17. Hukuk Dairesi 2015/604 E. , 2017/6359 K.
"İçtihat Metni"MAHKEMESİ :Asliye Hukuk Mahkemesi
Taraflar arasındaki, trafik kazası nedeniyle maddi ve manevi tazminat davası üzerine yapılan yargılama sonunda, kararda yazılı nedenlerle, davanın kısmen kabulüne ilişkin verilen hüküm, davalı vekili tarafından süresi içinde temyiz edilmekle, dosya incelendi, gereği düşünüldü:
-K A R A R-
Davacı vekili, davalının yapım ve bakımından sorumlu olduğu yolda bulunan ve yol zemininden 50 cm. yüksekteki beton direk demirine çarpan davacının aracının kazada pert olduğunu, davacının da yaralandığını, davalının yapım çalışması devam eden yolda gerekli ve yeterli işaretlemeleri yapmaması nedeniyle kazanın meydana geldiğini ve davalının kusurlu olduğunu belirterek, fazlaya ilişkin hakları saklı kalmak kaydıyla 1.000,00 TL. maddi ve 5.000,00 TL. manevi tazminatın kaza tarihinden işleyecek yasal faiziyle birlikte davalıdan tahsilini talep etmiş; 30.05.2014 tarihli ıslah dilekçesiyle, maddi tazminat taleplerini 27.000,00 TL"ye yükseltmiştir.
Davalı vekili, davacının hizmet kusuruna dayanan tazminat talebi yönünden davada idari yargının görevli olduğunu, kazada davalı idarenin kusuru bulunmadığını, yapımı devam eden ve her türlü işaretlemenin yapıldığı yerde, davacının hızı nedeniyle kazanın meydana geldiğini ve tazminat talep hakkı bulunmadığını belirterek davanın reddini savunmuştur.
Mahkemece, iddia, savunma, yapılan yargılama ve toplanan delillere göre; davacının maddi tazminat isteminin kabulü ile 27.000,00 TL"nin olay tarihinden işleyecek yasal faiziyle birlikte davalıdan tahsiline; davacının manevi tazminat isteminin kısmen kabulü ile 2.000,00 TL"nin olay tarihinden işleyecek yasal faiziyle birlikte davalıdan tahsiline karar verilmiş; hüküm, davalı vekili tarafından temyiz edilmiştir.
1-Dava, trafik kazası sonucu oluşan araç hasar bedeli ile uğranıldığı iddia olunan cismani zarar nedeniyle manevi tazminat istemine ilişkindir.
Yargı yolu kavramı, bir hukuk sisteminde herhangi bir davanın o hukuk sistemine dahil yargı kollarından hangisinde bakılacağını ifade eder.
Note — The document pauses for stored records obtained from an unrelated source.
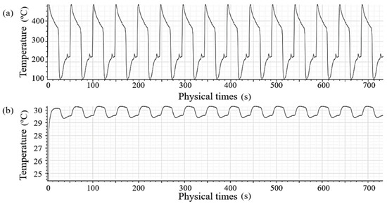 The proposed one-way coupled method was used to evaluate the molten metal and cooling water’s temperature distribution and thermal stress. Verification was performed for each analysis stage. First, the thermofluid analysis was performed 20 times to consider that the die was heated due to molten metal from atmospheric temperature. The temperature convergence results at the die and the outlet of the coolant are shown in Figure 12. After convergence, the simulation was conducted for one more cycle and utilized for thermal stress analysis.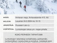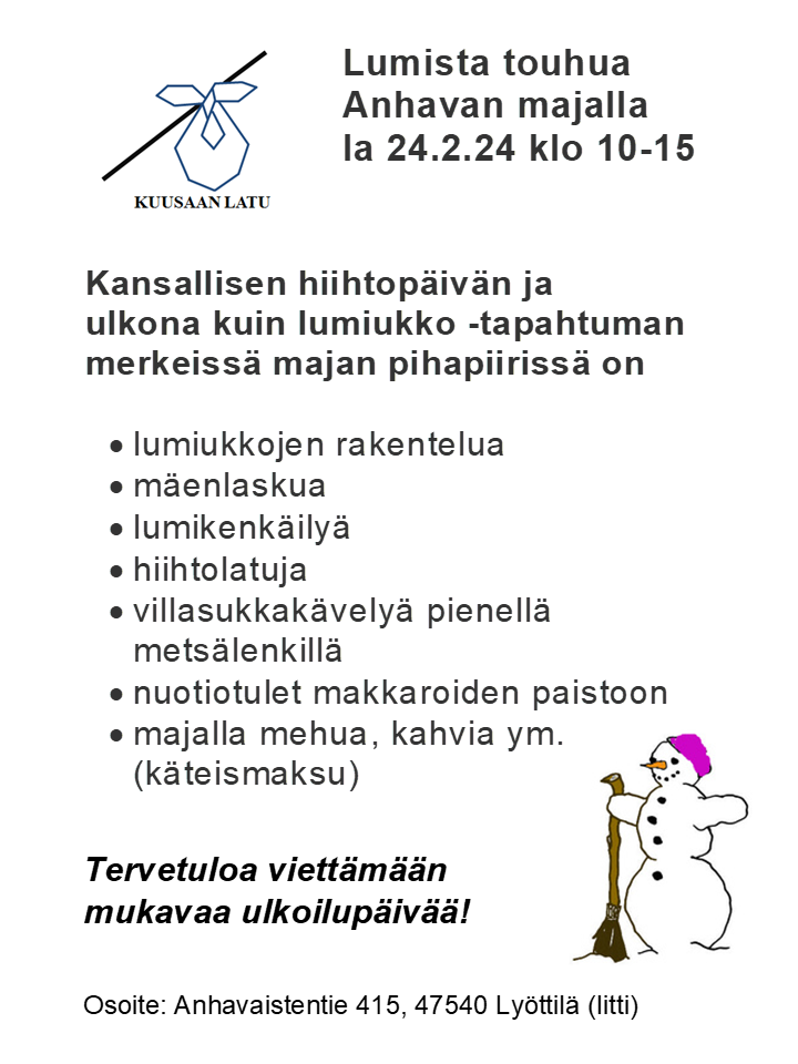Hei, Kuusaan Latu ry on 71v. ja toiminut pääasiallisesti Kuusankosken alueella. Anhavan latumaja sijaitsee Iitissä ja palvelee hiihtäjiä viikonloppuisin talvella ja hiihtolomilla koko viikon (säävaraus). Laturanta kesäpaikka sijaitsee Jaalassa Kaajärven rannalla ja on kesäisin jäsenistön käytösssä pientä päiväkorvausta vastaan. Maksut Laturannan sivuilla. Tervetuloa meidän yhdistykseen. Ota yhteyttä, jos olet halukas vapaaehtoistoimintaamme. Lisää aktiivijäseniä kaivataam.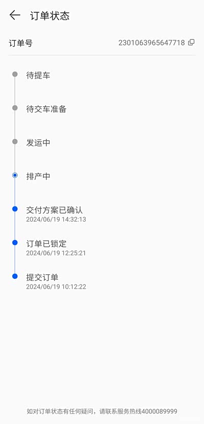 昨天说好的“明天就让运气决定,基于情怀,将优先询购问界M9”。昨天的明天就是今天,不能跟自己爽约,一早就联系问界广州中心询购事宜,并明确提出了前提条件是两月内提车,心里一直嘀咕着拒绝吧拒绝吧拒绝吧,以便心安理得转头买那GLE。一位可能是问界区域中心主管的人士告知说问界生产能力在不断扩大,如果标配+全款,省却信贷审核流程,及时下定锁单,7周内也能交付。一时无话可说不知不觉就顺滑地在华为商城下定并锁单了,很快又顺滑地加入了华为客服+问界4s店+问界工厂的专属服务微群,很快订单也顺滑地进入了排产状态。

Uyuşmazlığa hangi yargı kolunda bakılacağı hususu, davanın genel koşullarından olup mahkemece re"sen dikkate alınması gereklidir. Kamu hizmeti görmekle yükümlü olan ..., kamu hizmeti sırasında verdiği zararlardan dolayı özel hukuk hükümlerine tabi değildir. Hizmet kusurundan dolayı açılan davaların İdari Yargılama Usulü Hakkındaki Kanun"un 2. maddesi uyarınca tam yargı davası olarak ikame edilmesi gerekmektedir. Görev kuralları, kamu düzenine ilişkin olup mahkemece kendiliğinden dikkate alınması zorunludur. Esasen 2918 Sayılı KTK"nun hukuki sorumluluğa ilişkin 85. ve devamı maddelerinde araç işletenin sorumluluğu düzenlenmiş olup idarenin hizmet kusurundan kaynaklanan sorumluluğu bu yasa kapsamı dışında tutulmuştur.
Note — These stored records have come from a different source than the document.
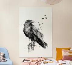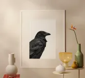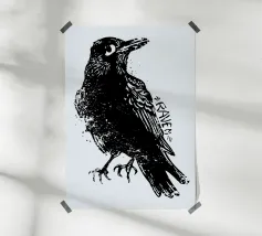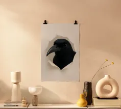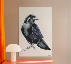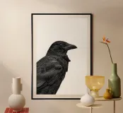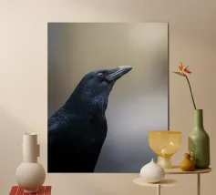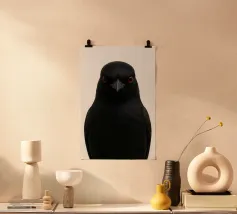 Questa stampa fotografica in bianco e nero mette in mostra i dettagli intricati delle piume e degli occhi penetranti del corvo. dedicata agli amanti degli uccelli e agli appassionati di arte ispirata alla natura, questa stampa unica del corvo aggiunge un tocco di raffinatezza e di intrigo al vostro spazio.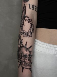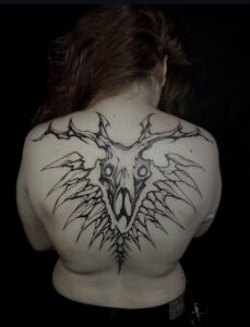 Temný styl je surový, drsný a silně emocionální. Motivy jako lebky, démoni, ruiny, zbraně nebo symbolika bolesti se spojují s výrazným typografickým stylem. Tento styl je perfektní pro lidi, kteří chtějí vyjádřit vnitřní boje, sílu či vzpouru. Kombinace dark motivů s ručně psanými nápisy vytváří originální a silné vizuály.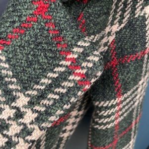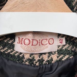 60% wool, 40% viscose coat. Worn once. Excellent condition. I am size S. Will also fit size M. European size 42. Length is a bit lower than knee. Very stylish. Green with red color.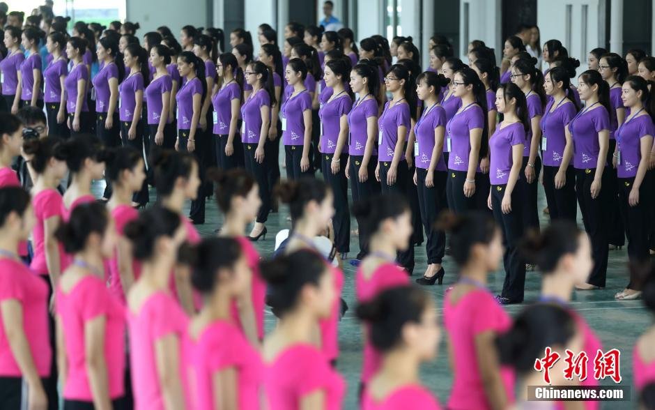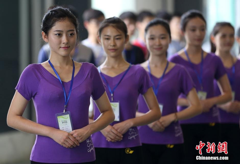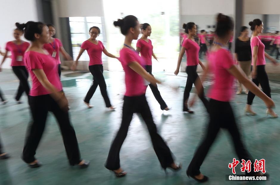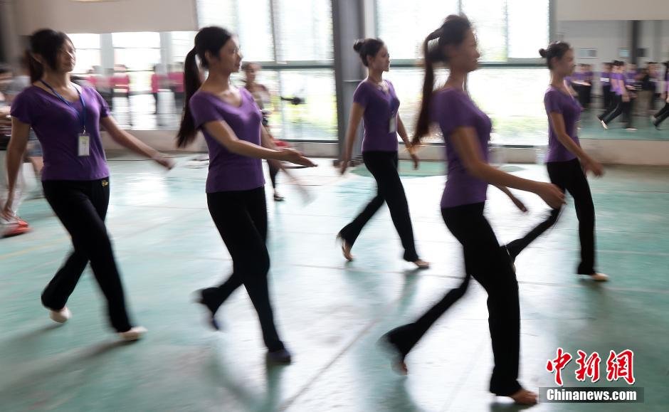 7月13日,2014南京青奥会礼仪志愿者们在进行训练。中新社发 泱波 摄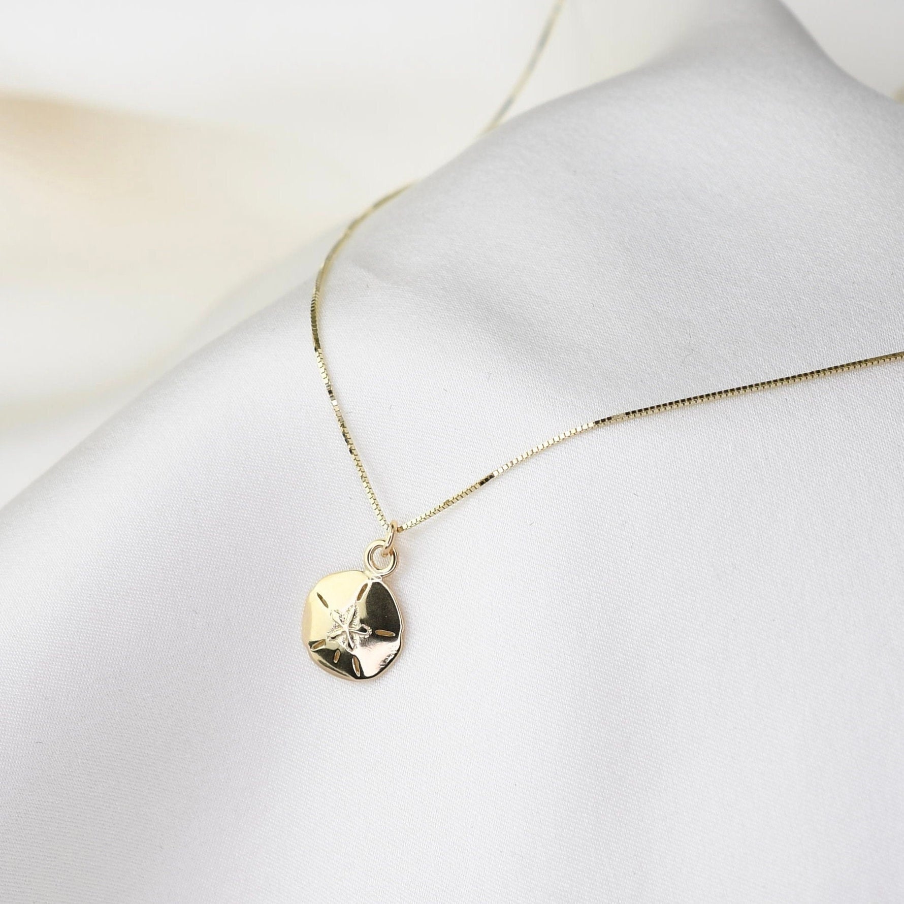 14K Solid Gold Sand Dollar Necklace — Tiny Sand Dollar Pendant

Somut olayda; davacı vekili, davalı ..."ne karşı hizmet kusuruna dayanarak işbu davayı açmıştır.
Bu durumda mahkemece, davanın HMK 114/1-b maddesi gereğince yargı yolu caiz olmadığından HMK 115/2.maddesi gereğince dava şartı yokluğundan usulden reddine karar verilmesi gerekirken yazılı olduğu gibi karar verilmesi doğru görülmemiştir.
2-Bozma ilamının kapsam ve şekline göre, davalı vekilinin diğer temyiz itirazlarının incelenmesine şimdilik gerek görülmemiştir.
SONUÇ: Yukarıda (1) nolu bentte açıklanan nedenlerle, davalı vekilinin temyiz itirazlarının kabulü ile hükmün BOZULMASINA; (2) nolu bentte açıklanan nedenlerle, davalı vekilinin diğer temyiz itirazlarının incelenmesine şimdilik yer olmadığına, peşin alınan harcın istek halinde temyiz eden davalıya geri verilmesine 05/06/2017 gününde oybirliğiyle karar verildi.